Let $f(x_i,W)$ be scores,then the SVM scores has the form: $L_i = \sum_{j\neq y_i}\max(0,s_j-s_{y_i}+1)$

$s_{y_i}$ is the correct label’s score,while $s_j$ is the wrong label’s scores. When $s_j$ is larger than $s_{y_i} - 1$

,that means it contributes to the loss,so that $L_i$ is greater than $0$ .

Characteristics: 1.When give the $s_{y_i}$ a little bit change,the Loss function will not change. Because after change, $s_{y_i}$ is still 1 more than the wrong label’s scores.

min possible : 0 max: $+\infty$

When all scores are small random values,loss is $C - 1$ ( $s_j \approx s_{y_i}$ ) where C stands for the number of categories.

Regularization

$L(W)=\frac{1}{N}\sum_{i=1}^NL_i(f(x_i,W),y_i)+\lambda R(W)$

The most common regularization: L2-norm $\sum_i\sum_jW_{i,j}^2$

Why we need that?:

Express preferences in among models beyond “minimize training error”,allow people to integrate their wisdom and knowledge they’ve already obtained.
Avoid overfitting

Example: $x = [1,1,1,1] \newline w_1=[1,0,0,0] \newline w_2=[0.25,0.25,0.25,0.25]$

It’s obvious that $w_1^\mathrm T \cdot x = w_2^\mathrm T\cdot x = 1$

L2-norm regularization prefer more balanced matrix,which is $w_2$ in this example. This implies that use as many functions as possible in this preference.”spread out the weights”

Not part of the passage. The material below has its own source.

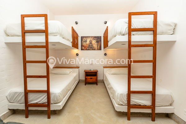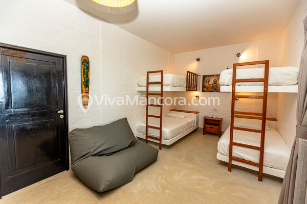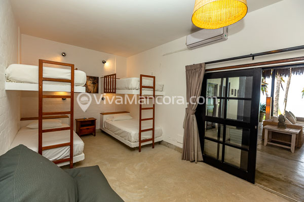 • Habitación 04: Habitación cuádruple con 2 camarotes tipo L, baño privado y terraza vista al mar.

prefer simple models: Occam’s Razor reveals the truth that simplicity is much preferred.

Cross Entropy Loss

SoftMax function:

cat	3.2	24.5	0.13
car	5.1	164.0	0.87
frog	-1.7	0.18	0.00

unnormalized log-prob/logits —exp—> unnormalized prob —normalize—>probabilities

$L_i = -\ln P(Y = y_i |X = x_i)$ Maximum Likelihood Estimation

min possible loss:0 (it can only approach to 0 but never truly reach) max: $+\infty$

When all scores are small random values,loss is $-\ln C$ where C stands for the number of categories.